It's sort of funny how that works - Hendrix's version of "All Along the Watchtower" has now become a sort of audio/visual shorthand for the 1960s, just as much an easy way to invoke that decade as showing the peace sign or talking about JFK. And it's even funnier that the song is used to invoke one rather specific version of the 60s - the flower power/hippies/peace and love 1960s, with the love beads and the acres of pot and all that. It's both something of a cheat, and a very clever way of summoning a mental image quickly. And it speaks a lot about the power of music that we can actually use these songs as shorthand for an entire decade, where we can hear something like "The Power of Love" and go "okay, that's the 1980s", or hear "Smells Like Teen Spirit" and immediately think of the 1990s. Sure, Hollywood has taken that identification to its logical lazy extremes - who doesn't sort of cringe thinking about The Big Chill, or any number of crappy Vietnam movies blasting the entire Time-Life collection over images of gunboats cruising down a river or grunts shouldering their automatic rifles in the heat of the jungle? But that's a co-opting of music that we should be used to by now; we should welcome something that can, if properly used, help condense the confusing and complicated sectors of our human existence.

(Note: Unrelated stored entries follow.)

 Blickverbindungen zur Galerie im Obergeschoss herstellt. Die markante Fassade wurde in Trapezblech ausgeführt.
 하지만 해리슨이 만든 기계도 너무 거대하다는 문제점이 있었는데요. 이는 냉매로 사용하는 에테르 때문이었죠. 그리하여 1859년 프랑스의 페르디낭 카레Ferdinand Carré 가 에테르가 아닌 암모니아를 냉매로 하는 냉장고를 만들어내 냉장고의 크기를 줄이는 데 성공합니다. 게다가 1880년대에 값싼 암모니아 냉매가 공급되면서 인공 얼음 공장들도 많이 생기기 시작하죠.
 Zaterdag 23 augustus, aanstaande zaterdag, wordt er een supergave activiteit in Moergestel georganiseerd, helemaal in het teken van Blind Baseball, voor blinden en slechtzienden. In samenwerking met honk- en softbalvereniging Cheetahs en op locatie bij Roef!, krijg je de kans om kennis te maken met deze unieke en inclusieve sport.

I have been known, in the past, to have composed a few songs of my own; like about 99% of all songwriters that have ever lived, most of them were utter rubbish, with maybe one or two exceptions. But what I took away from the songwriting experience (this is gonna sound real obvious, but bear with me) is just how extremely personal that experience actually is. And I think that, by default, the songwriting experience in general is one that is extremely tied in to what kind of person the songwriter or songwriters actually are. Love songs are obvious; even writers of protest songs or historical songs add their own slant to the proceedings, choosing to take a viewpoint that (in general) matches their own, or writing about a figure or event in a way that shows either their approval or disapproval thereof. There are surely exceptions out there - one can only imagine the number of crass scribbled pop singles designed purely to sell records (and not in the good way, i.e. Motown's carefully considered pop symphonies), and I'm not sure "Imagine" is totally in line with John Lennon's otherwise skewed and acidic view of the world. But, for the most part, a song is going to have somebody's voice deeply embedded within it.

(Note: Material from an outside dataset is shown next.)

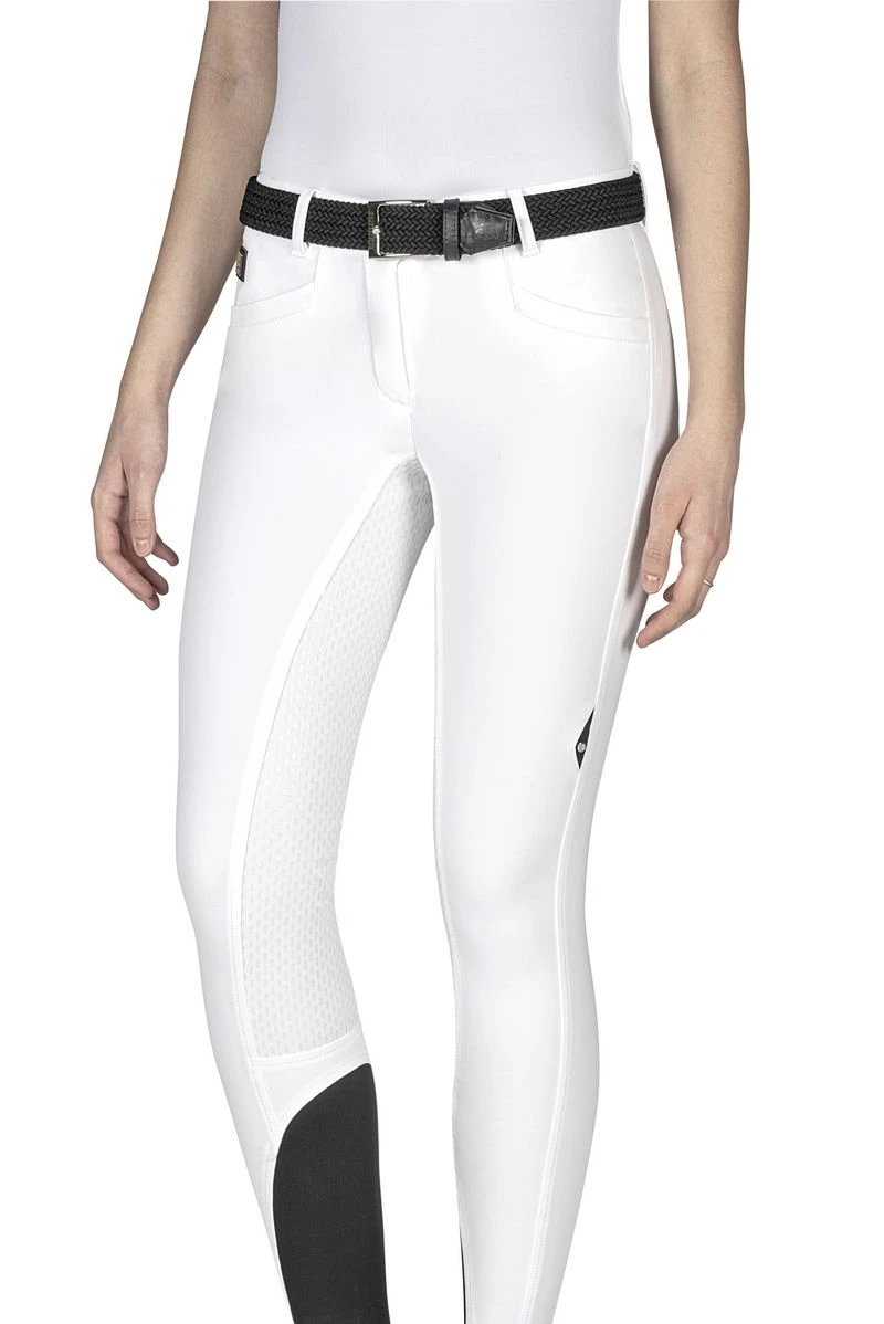 Woman breeches from Equiline with X-Grip full seat. They provide the highest stability on the saddle thanks to the new grip control technology granting the maximum comfort and freedom of motion. The Waist-Block system grants an optimal fitting on the Waist. The stretch fastening system on the bottom provides a perfect adherence of the breeches on the leg without the necessity of the Velcro regulation.

Which makes it all the stranger, then, when one of those songs takes on a meaning far beyond what the songwriter intended, when a "Smells Like Teen Spirit" or "Hotel California" becomes more than just a song, so to speak. I'm reasonably sure that Bob Dylan, when writing "All Along the Watchtower", never dreamed that one of the rising superstars of music in that era would hear the song, love it so much that he'd adopt it into the metier of his uber-genius guitar abilities and his tremendously talented band, and have that song become a touchstone for the decade for over 40 years and counting. But I'm also reasonably sure that it is the rare listener of that song that ever pays much attention to the lyrics when they hear Hendrix's version of the song. I might be talking out of turn here, but the words to "All Along the Watchtower" are by no means the calling card of Hendrix's take; when we think of that song, we think of the thundering instrumental attack of the intro, the pounding, insistent thrum of Dave Mason's twelve-string rhythm guitar, and of Hendrix spinning off classic solo after classic solo. We tend not to think about the Biblical allusions all that much. That's just how it is.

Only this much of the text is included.